### Task instructions
With the line containing "Das Heidelberger Brückentor" as the start and the line containing "Tarjotin on valmistettu" as the end, transcribe that span of the entries below exactly, including both.

### Dataset excerpts

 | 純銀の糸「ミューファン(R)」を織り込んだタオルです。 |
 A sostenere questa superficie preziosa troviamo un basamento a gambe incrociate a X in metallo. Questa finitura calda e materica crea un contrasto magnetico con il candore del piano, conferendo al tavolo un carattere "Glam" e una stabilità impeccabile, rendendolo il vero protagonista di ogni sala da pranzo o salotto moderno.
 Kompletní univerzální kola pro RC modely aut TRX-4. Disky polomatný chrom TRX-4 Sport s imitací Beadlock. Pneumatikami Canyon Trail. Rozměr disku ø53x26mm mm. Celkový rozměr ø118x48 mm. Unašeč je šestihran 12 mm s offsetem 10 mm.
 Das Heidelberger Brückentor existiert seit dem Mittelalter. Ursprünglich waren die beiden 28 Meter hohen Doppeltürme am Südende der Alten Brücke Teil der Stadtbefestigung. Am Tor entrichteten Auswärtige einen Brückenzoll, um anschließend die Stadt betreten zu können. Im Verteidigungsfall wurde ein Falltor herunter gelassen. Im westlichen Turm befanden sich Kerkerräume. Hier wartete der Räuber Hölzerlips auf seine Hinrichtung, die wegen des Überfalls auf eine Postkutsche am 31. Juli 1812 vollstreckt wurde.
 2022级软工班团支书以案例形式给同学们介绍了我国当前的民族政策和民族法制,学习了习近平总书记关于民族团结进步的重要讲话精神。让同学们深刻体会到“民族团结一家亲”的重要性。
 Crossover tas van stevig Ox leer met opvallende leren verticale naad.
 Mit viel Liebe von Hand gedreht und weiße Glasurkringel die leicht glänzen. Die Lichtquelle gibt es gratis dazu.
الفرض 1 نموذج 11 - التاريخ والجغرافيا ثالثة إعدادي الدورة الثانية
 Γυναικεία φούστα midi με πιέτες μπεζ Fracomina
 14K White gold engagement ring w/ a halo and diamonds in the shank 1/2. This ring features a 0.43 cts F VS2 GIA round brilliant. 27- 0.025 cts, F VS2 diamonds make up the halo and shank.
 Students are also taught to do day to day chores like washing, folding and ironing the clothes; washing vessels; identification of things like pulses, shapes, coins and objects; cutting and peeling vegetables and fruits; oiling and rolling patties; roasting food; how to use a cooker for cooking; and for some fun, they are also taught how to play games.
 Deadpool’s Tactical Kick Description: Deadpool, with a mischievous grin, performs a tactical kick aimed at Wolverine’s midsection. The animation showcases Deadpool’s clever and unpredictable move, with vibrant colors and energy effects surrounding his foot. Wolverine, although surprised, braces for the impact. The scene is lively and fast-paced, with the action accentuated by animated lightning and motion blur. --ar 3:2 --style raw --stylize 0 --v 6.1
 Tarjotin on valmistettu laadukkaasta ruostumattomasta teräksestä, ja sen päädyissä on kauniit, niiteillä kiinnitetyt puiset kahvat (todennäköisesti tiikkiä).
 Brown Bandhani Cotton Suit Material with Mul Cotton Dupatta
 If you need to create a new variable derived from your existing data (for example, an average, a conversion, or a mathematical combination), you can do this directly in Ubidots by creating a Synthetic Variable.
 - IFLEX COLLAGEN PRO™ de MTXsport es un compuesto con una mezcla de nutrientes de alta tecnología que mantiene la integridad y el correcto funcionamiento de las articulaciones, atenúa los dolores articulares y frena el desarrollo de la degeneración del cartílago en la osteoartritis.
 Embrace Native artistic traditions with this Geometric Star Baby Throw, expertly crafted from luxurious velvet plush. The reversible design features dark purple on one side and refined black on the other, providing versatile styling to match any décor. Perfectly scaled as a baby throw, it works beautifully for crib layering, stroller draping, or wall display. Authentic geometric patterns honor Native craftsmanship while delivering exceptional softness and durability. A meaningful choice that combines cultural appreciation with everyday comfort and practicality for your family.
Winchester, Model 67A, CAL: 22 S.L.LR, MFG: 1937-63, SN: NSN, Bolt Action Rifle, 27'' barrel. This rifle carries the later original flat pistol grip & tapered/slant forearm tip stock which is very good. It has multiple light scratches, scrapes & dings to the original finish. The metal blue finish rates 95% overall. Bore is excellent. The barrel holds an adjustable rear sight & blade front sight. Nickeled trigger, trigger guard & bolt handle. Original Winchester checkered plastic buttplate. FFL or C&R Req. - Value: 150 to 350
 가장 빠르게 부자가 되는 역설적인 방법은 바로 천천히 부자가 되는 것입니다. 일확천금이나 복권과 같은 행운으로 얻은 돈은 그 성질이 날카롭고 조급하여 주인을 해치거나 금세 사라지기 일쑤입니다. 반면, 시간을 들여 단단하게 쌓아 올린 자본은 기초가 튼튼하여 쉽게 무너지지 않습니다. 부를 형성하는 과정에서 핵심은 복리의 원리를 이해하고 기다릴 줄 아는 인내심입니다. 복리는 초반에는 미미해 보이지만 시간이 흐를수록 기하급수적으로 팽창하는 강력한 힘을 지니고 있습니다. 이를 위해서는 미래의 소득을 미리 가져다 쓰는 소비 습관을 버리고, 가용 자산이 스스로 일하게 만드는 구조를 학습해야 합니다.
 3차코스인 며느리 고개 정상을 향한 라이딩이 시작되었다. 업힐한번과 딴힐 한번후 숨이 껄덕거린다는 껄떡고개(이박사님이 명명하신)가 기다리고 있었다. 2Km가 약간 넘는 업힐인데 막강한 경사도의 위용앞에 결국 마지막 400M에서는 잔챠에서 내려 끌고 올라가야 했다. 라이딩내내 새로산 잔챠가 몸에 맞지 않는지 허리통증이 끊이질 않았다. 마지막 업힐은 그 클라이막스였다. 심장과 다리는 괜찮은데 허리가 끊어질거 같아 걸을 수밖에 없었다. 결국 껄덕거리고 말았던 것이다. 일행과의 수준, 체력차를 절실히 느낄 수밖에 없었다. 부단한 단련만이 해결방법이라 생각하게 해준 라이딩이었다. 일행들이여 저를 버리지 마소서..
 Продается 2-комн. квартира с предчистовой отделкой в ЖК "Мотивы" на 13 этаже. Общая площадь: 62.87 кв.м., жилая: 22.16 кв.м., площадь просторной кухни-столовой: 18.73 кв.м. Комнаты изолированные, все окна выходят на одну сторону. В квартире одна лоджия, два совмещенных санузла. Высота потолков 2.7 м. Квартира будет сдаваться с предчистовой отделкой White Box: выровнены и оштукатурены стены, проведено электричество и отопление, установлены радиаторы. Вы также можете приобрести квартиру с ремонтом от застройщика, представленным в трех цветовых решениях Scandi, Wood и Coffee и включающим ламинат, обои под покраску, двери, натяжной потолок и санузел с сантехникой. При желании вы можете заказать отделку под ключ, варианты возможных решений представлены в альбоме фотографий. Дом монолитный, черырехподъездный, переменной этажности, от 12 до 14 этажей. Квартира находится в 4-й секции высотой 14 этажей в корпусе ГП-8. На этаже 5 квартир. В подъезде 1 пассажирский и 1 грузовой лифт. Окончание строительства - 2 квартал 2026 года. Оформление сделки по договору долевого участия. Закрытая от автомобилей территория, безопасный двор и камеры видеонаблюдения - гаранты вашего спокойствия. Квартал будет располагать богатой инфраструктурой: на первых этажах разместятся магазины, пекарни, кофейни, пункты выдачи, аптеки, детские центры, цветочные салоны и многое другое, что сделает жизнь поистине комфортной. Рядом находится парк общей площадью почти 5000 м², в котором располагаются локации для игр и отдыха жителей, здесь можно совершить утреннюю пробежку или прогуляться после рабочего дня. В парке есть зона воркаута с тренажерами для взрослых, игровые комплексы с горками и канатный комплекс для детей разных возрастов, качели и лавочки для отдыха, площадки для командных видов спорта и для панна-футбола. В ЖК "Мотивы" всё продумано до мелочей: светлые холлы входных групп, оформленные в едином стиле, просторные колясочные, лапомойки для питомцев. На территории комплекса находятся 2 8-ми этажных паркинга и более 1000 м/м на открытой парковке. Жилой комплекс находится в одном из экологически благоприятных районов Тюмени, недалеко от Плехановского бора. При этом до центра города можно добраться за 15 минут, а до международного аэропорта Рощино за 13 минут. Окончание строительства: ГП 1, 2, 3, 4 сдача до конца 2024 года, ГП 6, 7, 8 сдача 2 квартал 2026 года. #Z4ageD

### The answer
 Das Heidelberger Brückentor existiert seit dem Mittelalter. Ursprünglich waren die beiden 28 Meter hohen Doppeltürme am Südende der Alten Brücke Teil der Stadtbefestigung. Am Tor entrichteten Auswärtige einen Brückenzoll, um anschließend die Stadt betreten zu können. Im Verteidigungsfall wurde ein Falltor herunter gelassen. Im westlichen Turm befanden sich Kerkerräume. Hier wartete der Räuber Hölzerlips auf seine Hinrichtung, die wegen des Überfalls auf eine Postkutsche am 31. Juli 1812 vollstreckt wurde.
 2022级软工班团支书以案例形式给同学们介绍了我国当前的民族政策和民族法制,学习了习近平总书记关于民族团结进步的重要讲话精神。让同学们深刻体会到“民族团结一家亲”的重要性。
 Crossover tas van stevig Ox leer met opvallende leren verticale naad.
 Mit viel Liebe von Hand gedreht und weiße Glasurkringel die leicht glänzen. Die Lichtquelle gibt es gratis dazu.
الفرض 1 نموذج 11 - التاريخ والجغرافيا ثالثة إعدادي الدورة الثانية
 Γυναικεία φούστα midi με πιέτες μπεζ Fracomina
 14K White gold engagement ring w/ a halo and diamonds in the shank 1/2. This ring features a 0.43 cts F VS2 GIA round brilliant. 27- 0.025 cts, F VS2 diamonds make up the halo and shank.
 Students are also taught to do day to day chores like washing, folding and ironing the clothes; washing vessels; identification of things like pulses, shapes, coins and objects; cutting and peeling vegetables and fruits; oiling and rolling patties; roasting food; how to use a cooker for cooking; and for some fun, they are also taught how to play games.
 Deadpool’s Tactical Kick Description: Deadpool, with a mischievous grin, performs a tactical kick aimed at Wolverine’s midsection. The animation showcases Deadpool’s clever and unpredictable move, with vibrant colors and energy effects surrounding his foot. Wolverine, although surprised, braces for the impact. The scene is lively and fast-paced, with the action accentuated by animated lightning and motion blur. --ar 3:2 --style raw --stylize 0 --v 6.1
 Tarjotin on valmistettu laadukkaasta ruostumattomasta teräksestä, ja sen päädyissä on kauniit, niiteillä kiinnitetyt puiset kahvat (todennäköisesti tiikkiä).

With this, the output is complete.